Published: 28 September 2015 Publication History

Abstract

An enterprise service-level performance time series is a sequence of data points that quantify demand, throughput, average order-delivery time, quality of service, or end-to-end cost. Analytical and predictive models of such time series can be embedded into an enterprise information system (EIS) in order to provide meaningful insights into potential business problems and generate guidance for appropriate solutions. Time-series analysis includes periodicity detection, decomposition, and correlation analysis. Time-series prediction can be modeled as a regression problem to forecast a sequence of future time-series datapoints based on the given time series.
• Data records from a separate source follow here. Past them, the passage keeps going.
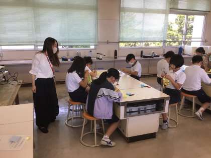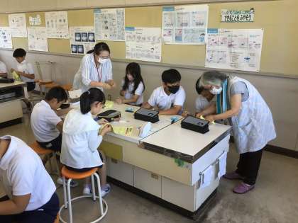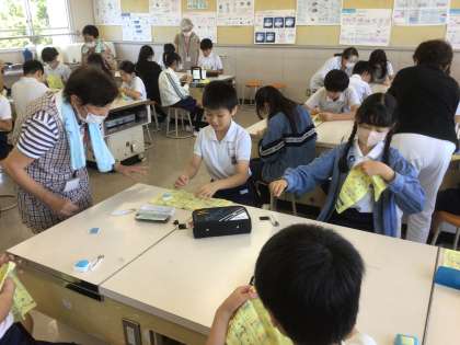 5年生の家庭科です。 ボランティアさんといっしょに裁縫をします。
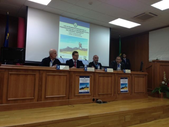 Ayer lunes, por la mañana, se presentó en la UCAM el proyecto 4DESERTS2014 que el deportista cartagenero Andrés Lledó llevará a adelante, con colaboración entro otras entidades de la concejalía de Deportes del Ayuntamiento de Cartagena. La charla se enmarcó dentro de la actividades del programa ADE de esta misma concejalía, bajo el título de UN MARATONIANO EN LA PREPARACIÃ"N DE LA PRUEBA MÃS DURA DEL MUNDO 4DESERTS .
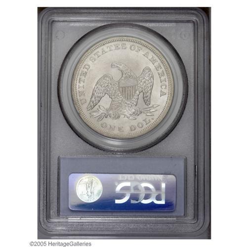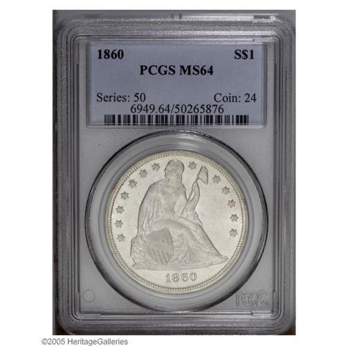 <B>1860<S$1> MS64 PCGS.</B></I> An extraordinary 1860 Dollar. The surfaces exude a warm, satiny glow and are completely brilliant overall. Sharply struck, the coin is nearly abrasion-free with the only mentionable distractions being a couple of milling marks below the D of UNITED on the reverse. The fields have light die striations, and as a result give the coin even more brilliance and visual appeal. Population: 32 in 64, 5 finer (10/05).
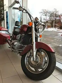 Die weit herunter gezogenen Schutzbleche, der große Tank und die breite sattelförmige Sitzbank mit separatem Soziusteil bilden weitere Akzente, dazu kommen für eine Chopper typisch viele Chromteile.
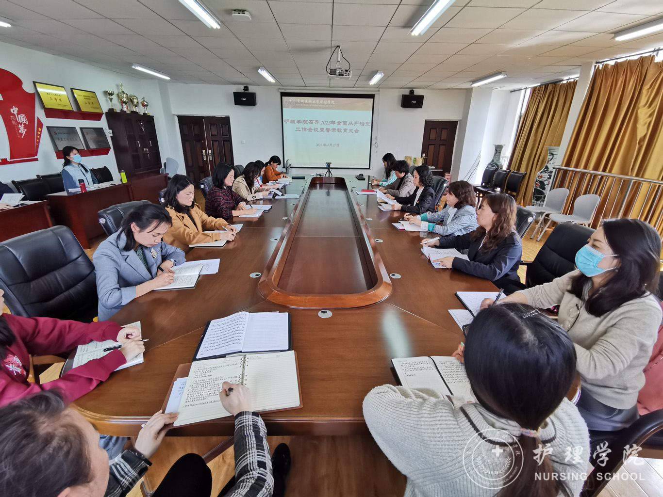 会上,杨英传达学习了二十届中央纪委二次全会精神、十三届省纪委二次全会精神、2023年全省教育系统全面从严治党工作会议精神。通报了公司开展师德师风自查自纠和专项整治工作要求,并对工作做了部署。期间,与会人员还学习了党风廉政警示案例,观看警示教育片《筑牢国家安全屏障——总体国家安全观贵在行动》,组织科级干部签订干部廉洁自律承诺书。
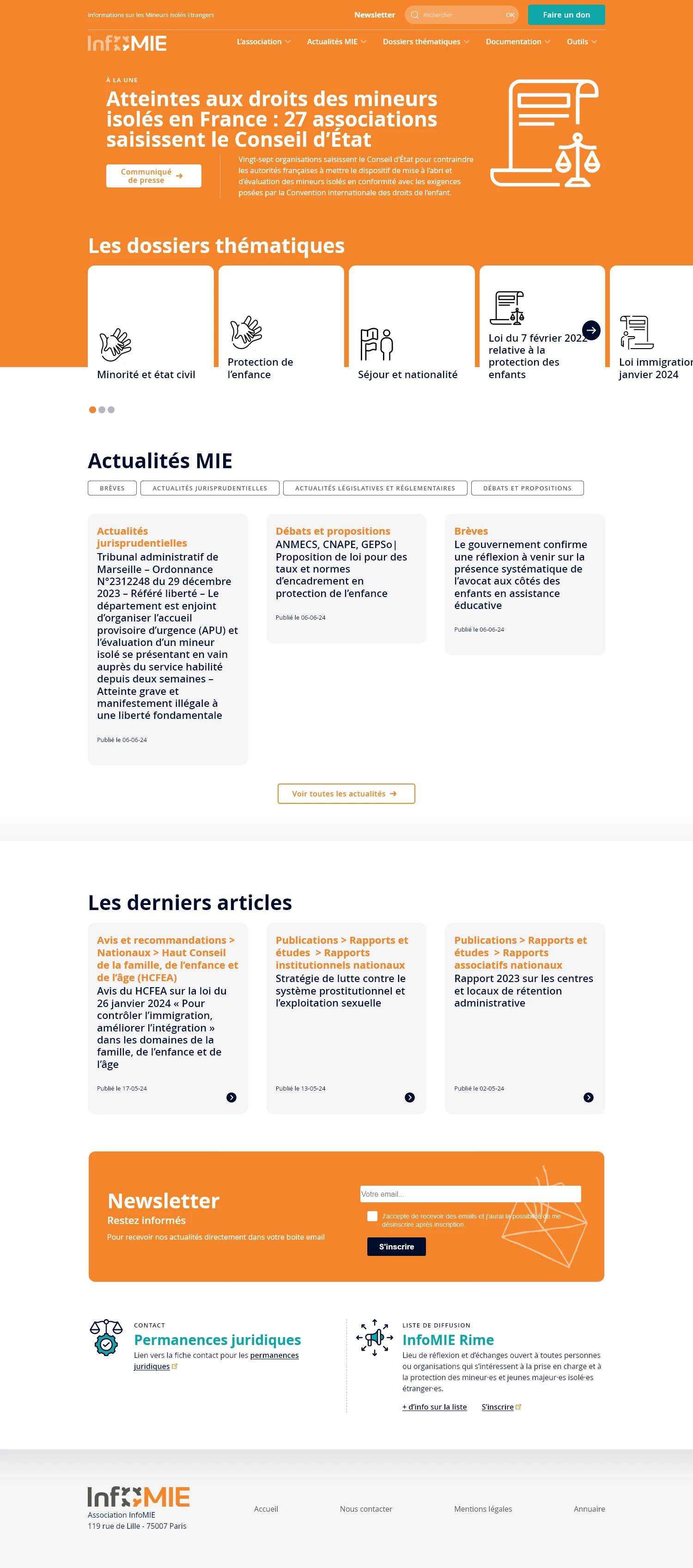 InfoMIE est une association ressource qui fournit une veille et une base juridique pour les Mineurs Isolés Étrangers en France. Elle regroupe des juristes, des militants et des associations sur tout le territoire.
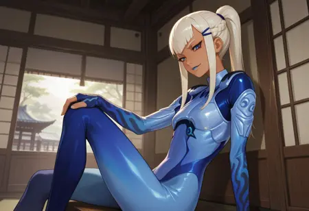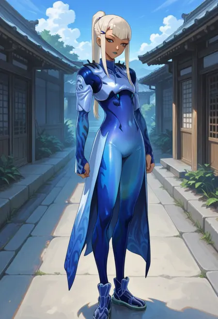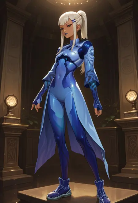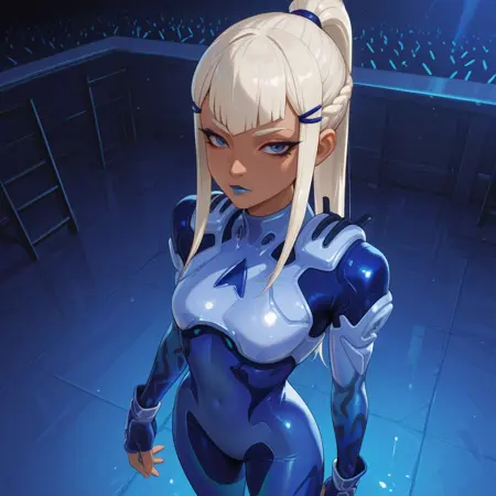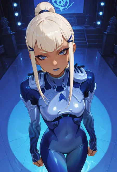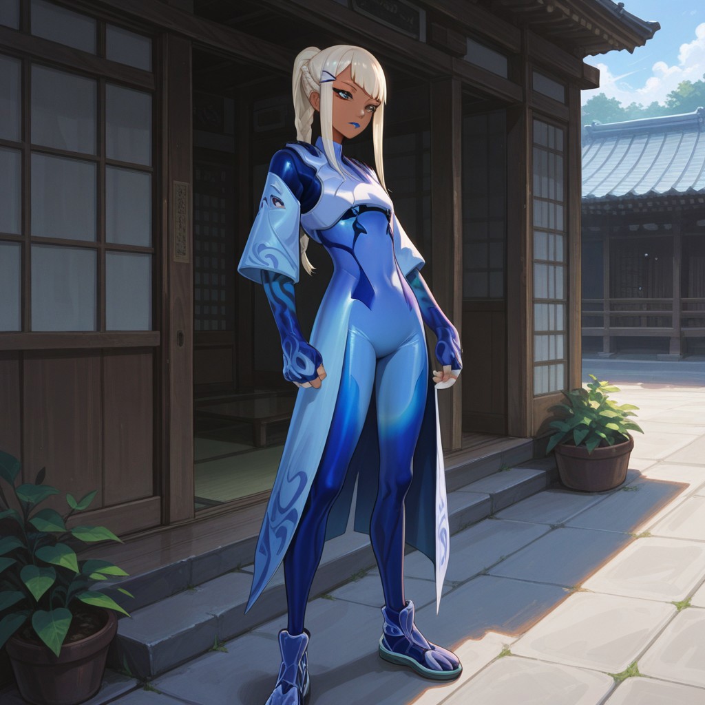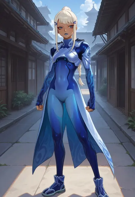 주요 태그: Mizuki_Fortnite, 1girl, solo, 흰 머리, 폰테일, 두 개의 땋은 머리, 메이크업, 파란 립스틱, 파란 옷, 타이트한 옷,
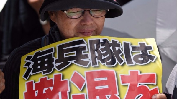 約6.5萬日本民眾6月19日在沖繩縣集會,抗議駐日美軍基地人員涉嫌姦殺一名沖繩女子並拋屍一案。數周內,駐日美軍連爆醜聞,導致民怨沸騰。日本民眾高舉寫著「受夠了」的標語牌,會上還宣讀了受害女性父親的寄語,稱「為了不出現下一個受害者,強烈希望撤走全部的基地。」
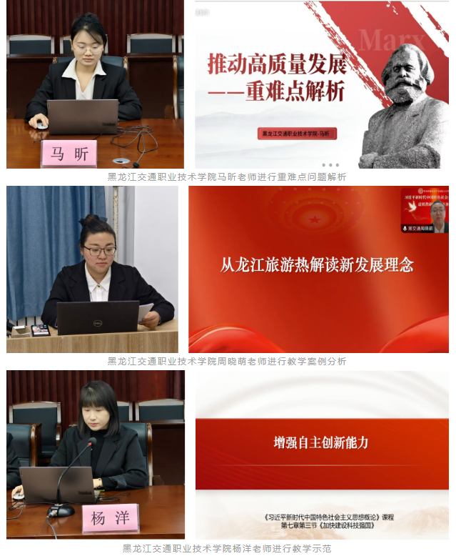 第一阶段为备课环节,由黑龙江交通职业技术学院基础教育部(马克思主义学院)新思想概论教研室三位教师进行展示。马昕老师对第六章《推动高质量发展》进行重难点问题解析;周晓萌老师选取了《龙江旅游热经济》案例,分析为什么要贯彻新发展理念,什么是新发展理念以及黑龙江省在新发展理念指导下经济社会发展取得了哪些新成效;杨洋老师围绕《增强自主创新能力》进行教学示范,杨洋老师以案例“中国高铁如何逆袭惊艳全球”作为课程导入,从筑梦与圆梦——增强自主创新能力,要着力推进基础研究;改革与突破——增强自主创新能力,要着力推动应用研究;谋篇与布局——增强自主创新能力,要着力推动前沿研究三个方面进行授课示范讲解。
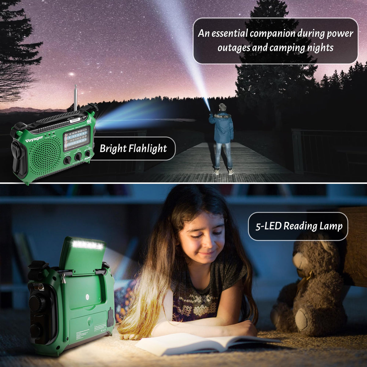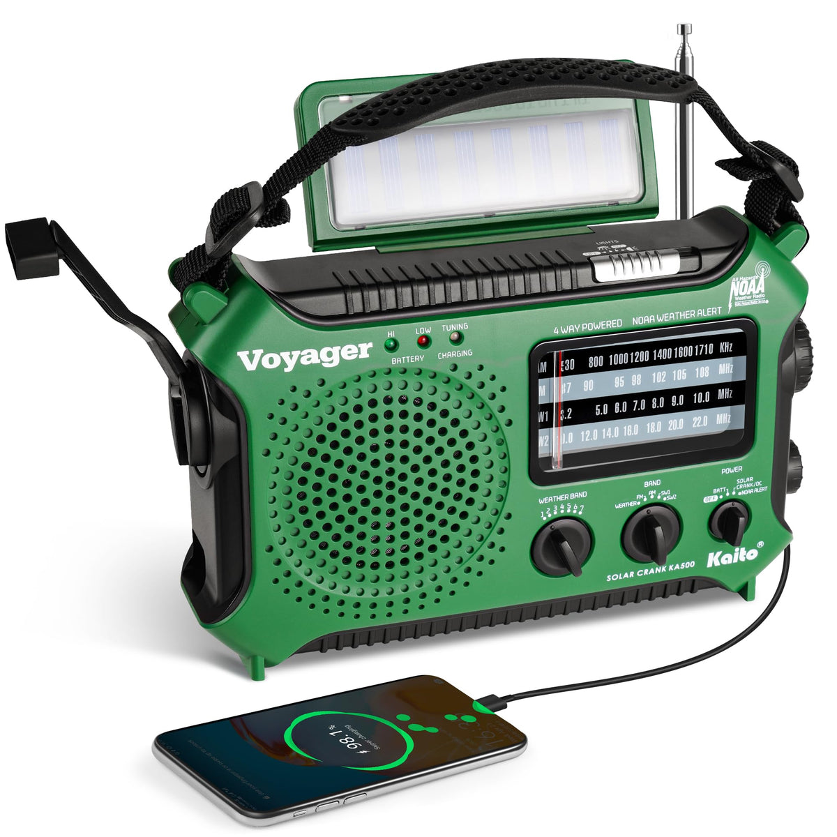 The Newly Released Kaito Voyager Ka500 Is A Sister Product Of Kaitos Widely Praised Emergency Radios Ka007, Ka008 And Ka009 With Its Revolutionary Design And Versatile Functions, Its An Ideal Companion For Emergency Preparedness Purposes, Outdoor Activities As Well As Traveling Specifically Designed For Emergency Situations, The Ka500 Offers Different Methods To Power Itself Those Methods Include Acdc Adapter (Not Included), Three Aa Batteries (Not Included), The Built-In Rechargeable Ni-Mh Battery Which Can Be Recharged From The Ac Adapter, By Hand, By Solar Panel Or By A Pc, And The Dynamo Hand Crank Which Not Only Can Recharge The Built-In Battery But Provides Power Even When No Battery Is Installed At The Heart Of The Ka500, There Is An Internal Generator That Recharges The Internal Replaceable Ni-Mh Battery Pack And Powers The Radio, Flashlight And Reading Lamp Also, By Plugging Your Cell Phone Into The Jack On The Back Of The Radio, You Can Use The Crank To Power Your Phone Not Only That, This Radio Also Features A Usb Port, Which You Can Use Either To Charge Your Radio With A Pc Or Charge Other Electronic Gadgets With The Hand Crank You Can Use The Ka500 To Receive A Wide Range Of Broadcasting Including Am, Fm, Shortwave And Noaa Weather Stations The 7-Weather Channels Are Pre-Programmed And Numbered From 1-7, You Can Easily And Conveniently Tune Into The Stations By Turning The Switch, No More Guess Work Involved Compared With Any Other Solar-Powered Emergency Radios, The Ka500 Has Its Unique 180-Degree Adjustable Solar Panel, Which Can Maximize Sunlight Exposure To Power Up The Radio Or Charge The Internal Ni-Mh Batteries On The Back Side Of The Solar Panel, There Is A Super-Bright 5-Led Reading Lamp Standard Accessories Include Earphones, User Manual And Bonus Multiple Adapter Tips For Charging Select Models Of Motorola, Nokia, Samsung, And Lg Phones
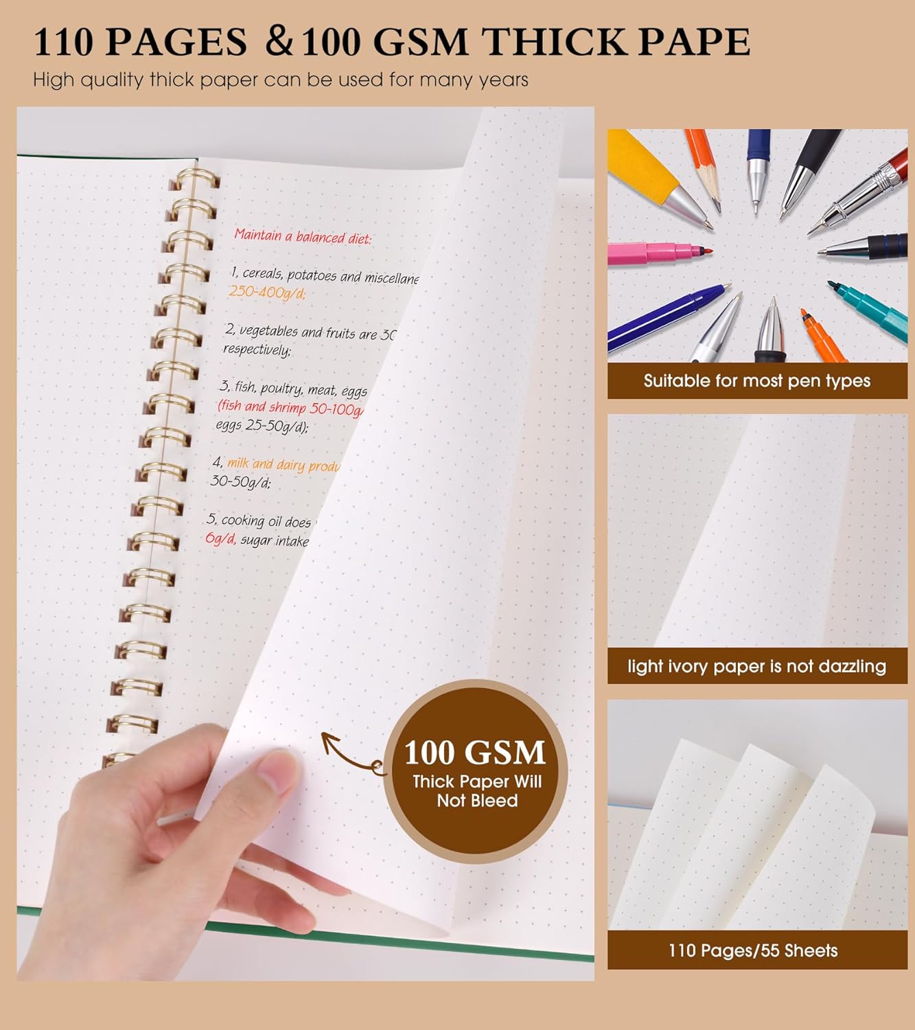 - 【100 GSM Ink-friendly Paper】 Our green spiral dot grid notebook pages are very thick, which avoids ink bleeding through and ghosting. Suitable for most pen types, such as ballpoint pens, fountain pens. Each dotted journal 55 sheets/110 pages, offering enough space to write in. Allowing you to write on both sides of every page to maximize your usable space. light ivory paper is not dazzling, let you have a comfortable writing experience.

The state-of-the-art (baseline) methods employed in time-series prediction generally apply advanced machine-learning algorithms. In this article, we propose a new univariate method for dealing with midterm time-series prediction. The proposed method first analyzes the hierarchical periodic structure in one time series and decomposes it into trend, season, and noise components. By discarding the noise component, the proposed method only focuses on predicting repetitive season and smoothed trend components. As a result, this method significantly improves upon the performance of baseline methods in midterm time-series prediction. Moreover, we propose a new multivariate method for dealing with short-term time-series prediction. The proposed method utilizes cross-correlation information derived from multiple time series. The amount of data taken from each time series for training the regression model is determined by results from hierarchical cross-correlation analysis. Such a data-filtering strategy leads to improved algorithm efficiency and prediction accuracy. By combining statistical methods with advanced machine-learning algorithms, we have achieved a significantly superior performance in both short-term and midterm time-series predictions compared to state-of-the-art (baseline) methods.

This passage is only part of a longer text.